More Listings For You Wackers To Look At
http://www.municibid.com/catalog.asp?catid=23&n=Cars


----------



## NoSoupForYou

Ford Think/Neighbor Electric Vehicle on municibid - Online Government Surplus Auctions - Police Auctions








Just in time for the holidays! Get the perfect gift for the eco conscious whacker in your life!


----------



## kwflatbed

NoSoupForYou said:


> Ford Think/Neighbor Electric Vehicle on municibid - Online Government Surplus Auctions - Police Auctions
> 
> 
> 
> 
> 
> 
> 
> 
> Just in time for the holidays! Get the perfect gift for the eco conscious whacker in your life!

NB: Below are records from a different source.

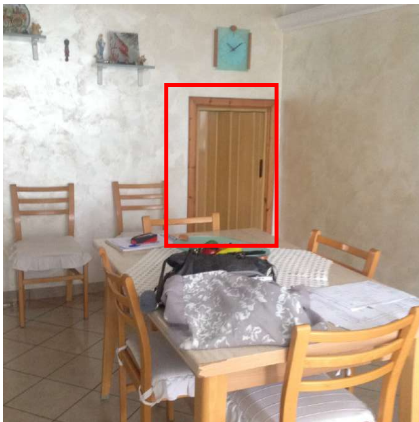
Figura 6. LOTTO UNICO: INGRESSO IMMOBILE NON PIGNORATO al F. 94, P.IIa 3069, Sub. 5 unito economicamente all'immobile oggetto di perizia, ubicato in Torremaggiore tra la Via Gobetti e Via Togliatti.
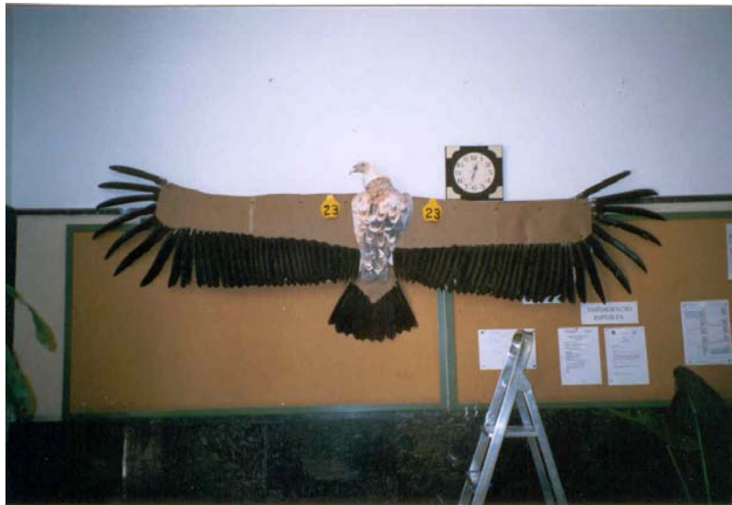
Foto nº1: Una maqueta a escala, realitzada a partir de plomes d'un voltor, permet a xiquets i xiquetes apreciar a l'interior de les aules el tamany d'una d'aquestes aus.
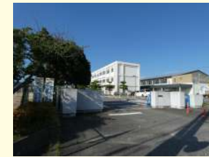
新川小学校 / 360m
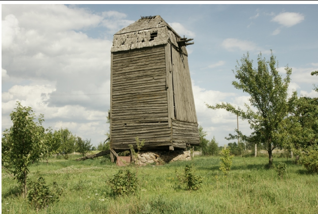
61 Voskoniai N:55-52-39 E:23-33-49
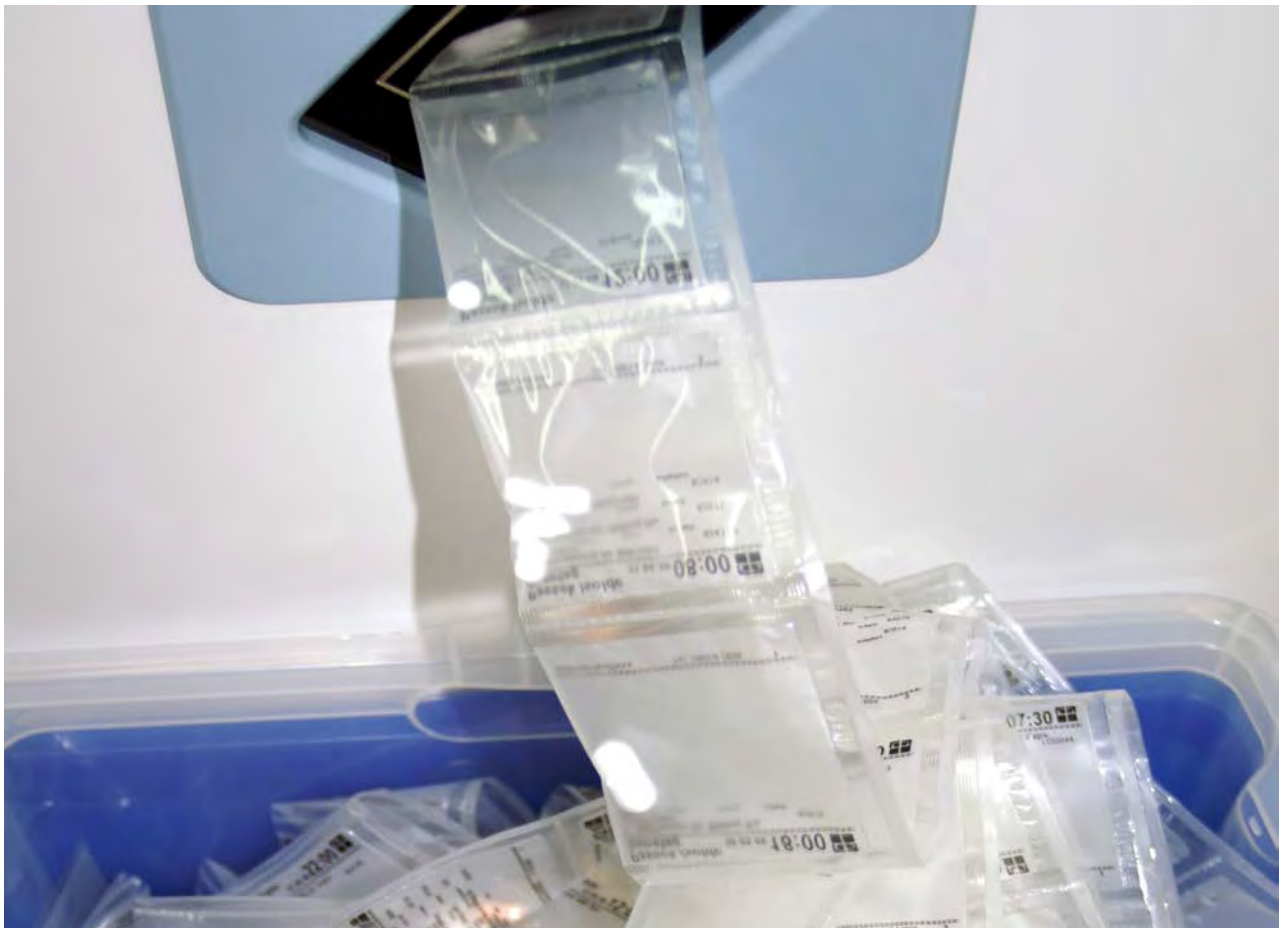
Abb.: Schlauchbeutel sind eine der Arten, wie die Dauermedikation für Patienten automatisiert gezielt vortportioniert werden kann.

Hierbei werden die Medikamente für den einzelnen Patienten pro Einnahmezeitpunkt portioniert, versiegelt und die Packung – zumeist in Tütchenform – unverwechselbar beschriftet. Als Ziel dieser Dienstleistung wird die Vermeidung von Fehlern beim Stellen genannt. [Hübner und andere]
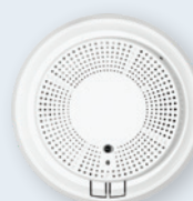
Détecteur combiné de fumée et monoxyde de carbone
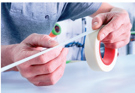
Facile à utiliser et résistant aux déchirures

Notre nouveau ruban adhésif de masquage sans silicone tesa® 4831 est conçu pour des applications très exigeantes telles que le masquage avant collage, la fabrication de composites et la construction de panneau sandwich métallique. Grâce à son support PET/non-tissé robuste, il peut être exposé à des pressions élevées et à des températures allant jusqu'à 180 °C/1h. Il ne contient pas de silicone afin d'empêcher toute contamination des surfaces avec de la masse adhésive silicone. Ainsi, les étapes du processus ultérieur peuvent être réalisées avec une fiabilité maximale sans qu'un nettoyage fastidieux soit nécessaire.
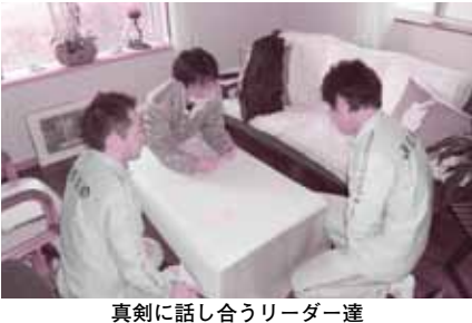
真剣に話し合うリーダー達

Good rainy day ride for Snipe when he can't use the Segway.


----------



## CJIS

Danm and I thought we had an old fleet


----------



## niteowl1970

Step off bitches ! That sweet ride is MINE. I'm asking for Gall's gift certificate's for Christmas !!!! I plan on spending the winter on high visibility neighborhood patrols and assisting disabled vehicles on I-91. Don't worry I'm well versed in patrol procedures. I'll make sure to give the bluebirds a thumbs up as they roll up behind me.


----------



## 7costanza

One of these would go very nicely with my new shiny MSP badge and ID.


----------



## Guest

7costanza said:


> One of these would go very nicely with my new shiny MSP badge and ID.


So, what you're saying is that you make it a habit to hang-out in the men's locker room at the Quincy Y?

Things that make you go hmmmmmm...........


----------